Brian and Trent
Two of my musical mainstays have been the Beach Boys and Nine Inch Nails.
I first got into the Beach Boys in high school. I was listening to the radio and they played Good Vibrations, which I had never heard before. It blew my mind. That got me into their early hits, and (much) later their later output.
Thankfully, I did not get into Nine Inch Nails until after I had started grad school. I shudder to think what would have happened had I gotten into NIN at high school like all of my peers. Strangely, I often use NIN as work music; I developed a fairly complex Drupal 6 site while listening to Happiness in Slavery on endless repeat for weeks and weeks.

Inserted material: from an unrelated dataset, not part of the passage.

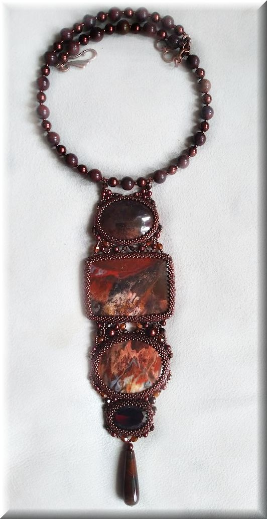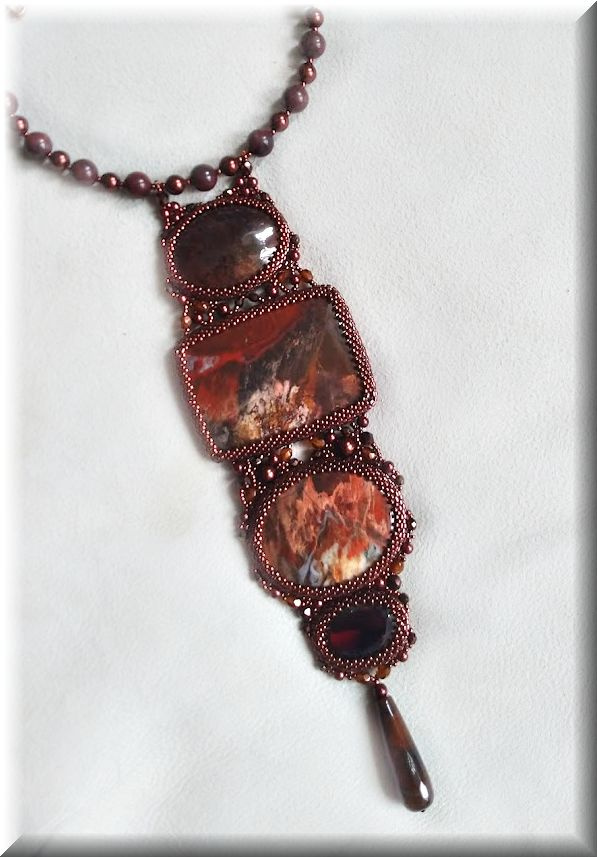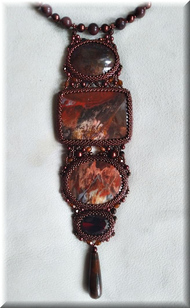 Альмандин, вернее его разновидность фалумом, это первый кабошон, последний — это ограненное ювелирное стекло.

On the surface, the Beach Boys and Nine Inch Nails seem like pretty different musical groups, but I was listening to The Fragile by Nine Inch Nails the other day, and it occurred to me just how similar it is to Smile, the famous 1967 lost album from the Beach Boys. Pet Sounds was supposedly revolutionary because it layered sounds and incorporated real-world effects (dogs barking, bicycle horns) in an innovative way. Good Vibrations went further, assembling different musical movements. The mythical Smile was supposed to go further than that, patching together layer after layer of snippets into a unified whole. The Fragile is very much an album of soundscapes created by layering snippets of sounds on top of each other. I suppose that with computers this layering is easy now, but The Fragile and The Downward Spiral take this pretty far.
That got me to thinking about the similarities and differences between Brian Wilson and Trent Reznor. Brian Wilson is seen as the musical genius behind the Beach Boys, composing strange and beautiful harmonies. Trent Reznor is the main force (and for many years the only permanent member) of Nine Inch Nails. His fans also consider him a musical genius, especially for his early work. There are parallels in their work and their stories, but there are important differences too.
Landmarks
Both of them created a landmark work that would define their careers. For Brian Wilson it was Pet Sounds, which he supposedly composed while the rest of the Beach Boys were on tour. For Reznor it was The Downward Spiral, his 1994 megahit with its infamous single Closer. No matter what either of them subsequently did or do, they will forever be measured against those achievements.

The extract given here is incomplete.